Pros and Cons of Investing in ETFs for Dividends
Before you search for a list of dividend ETFs to start investing in, it's important to weigh the pros and cons of these sometimes-volatile funds.
Pros
First, the potential benefits of investing in ETFs:
- Income generation: ETFs that pay large dividends can provide a steady stream of income for investors, which can be helpful for those looking to supplement their retirement income or meet other financial goals.
- Diversification: ETFs offer investors the ability to invest in a diversified portfolio of stocks with a single investment, which can help to spread risk across multiple companies and sectors and lowers your risk level when compared to investing in individual high-dividend stocks.
- DRIP options: Most ETFs offer direct dividend reinvestment programs, putting your dividend income management on autopilot.

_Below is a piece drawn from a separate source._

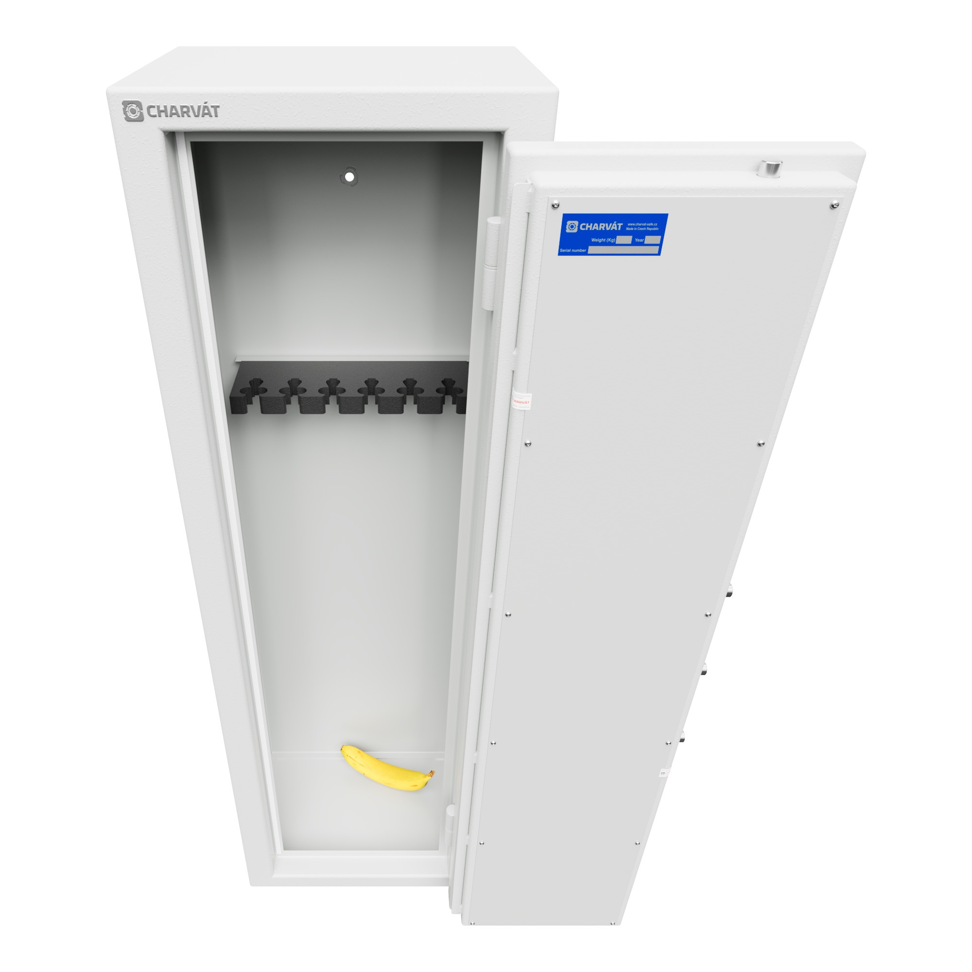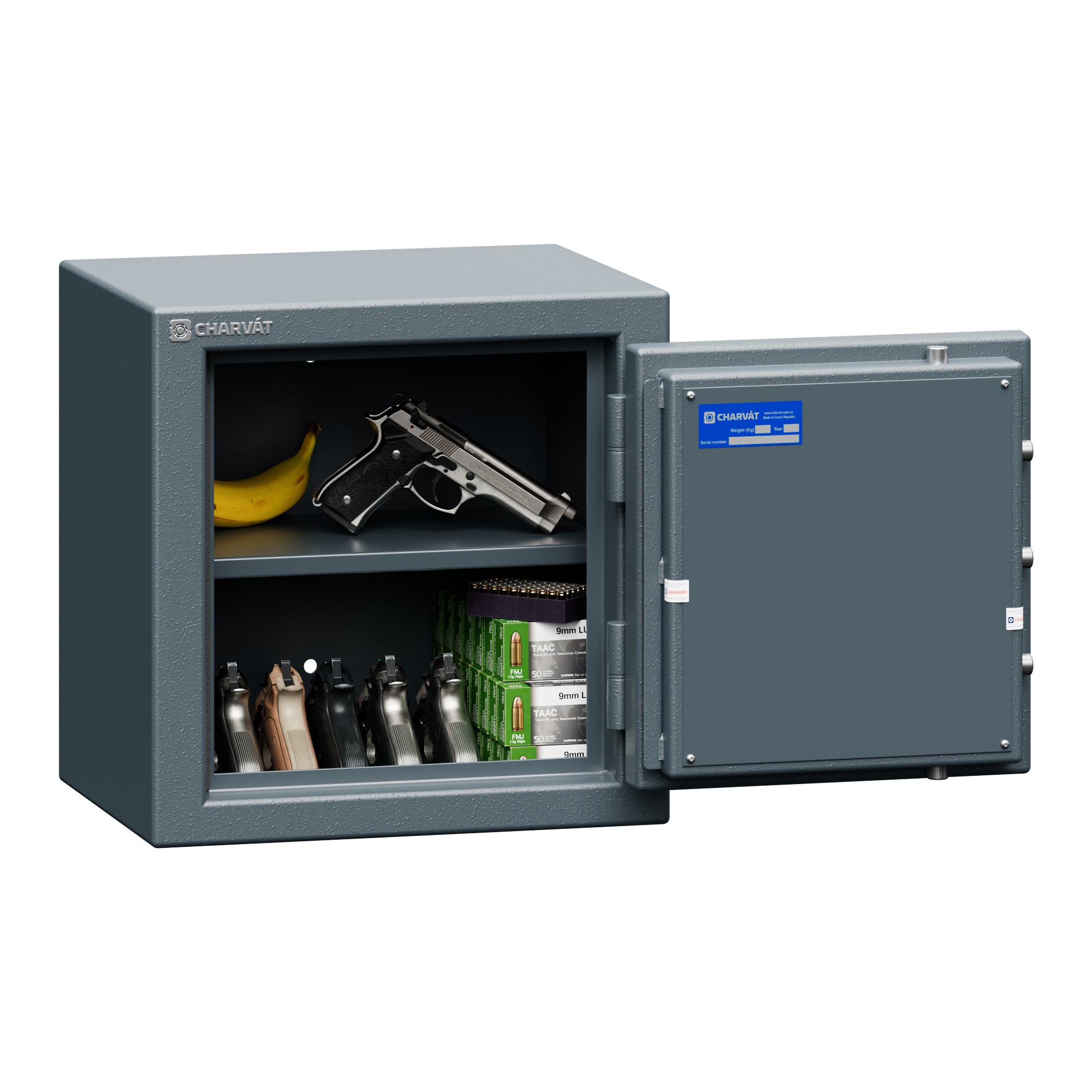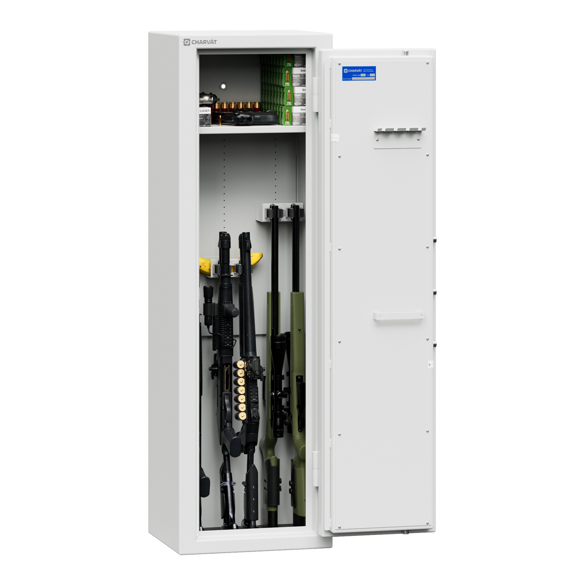 — Krátké zbraně lze pohodlně ukládat na police v pravé části trezoru.
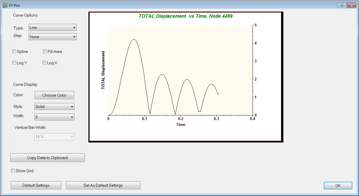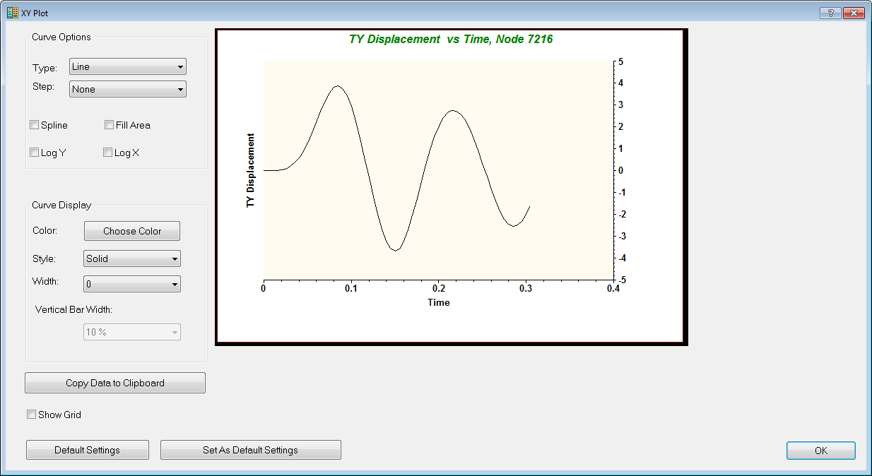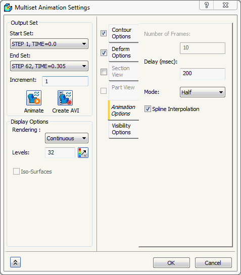 - [終了セット]に[ステップ 62、時間=0.305]を設定します。[変位オプション]チェックボックスのみをオンにして、その他のオプションをすべてオフにします。

This can be useful for busy investors who want to avoid managing their dividends as cash.
Cons
What about the downsides? Take a look:
- Potentially lower returns: ETFs focusing on dividend-paying stocks may provide a different level of capital appreciation than other ETFs focusing on growth stocks. This may reduce your overall return as an investor.
- May pay nonqualified dividends: If you invest in an actively managed ETF that buys and sells stocks throughout the year, your dividends may not qualify for capital gains tax rates. This usually means paying more in taxes on dividends you earn.
- Expense ratios: ETFs include expense ratios that pay for the fund's management. Dividend ETFs may have higher expense ratios than funds that track a major index because management must regularly reevaluate assets included based on dividend payout.
Can You Get Dividends from ETFs?
So — do you get dividends from ETFs? In most cases, the answer is "yes." ETFs may invest in hundreds of underlying stocks, which may pay out a dividend that's passed along to investors. However, like individual stocks, ETFs do not have to pay dividends, and any funds you invest in are free to cut future dividends at any time. Reviewing a fund's dividend payout history can help you choose viable assets for creating a long-term income stream.
FAQs
Still have questions about dividend ETFs? Look at several we've compiled.
Which ETF pays the highest dividend?
Do ETFs pay good dividends?
The dividend yield of an ETF depends on the underlying securities held in the fund. Some ETFs might invest heavily in growth stocks that do not yet have the infrastructure to pay dividends, while others may invest heavily in dividend stocks to attract investors. Check out each ETF's dividend payment history to learn more about the type of distributions you can expect.
How often does an ETF pay dividends?
Some ETFs pay dividends every quarter, while others may pay dividends monthly or annually. You can typically find a dividend schedule for an ETF on the fund's website or through a collective stock and ETF database like MarketBeat.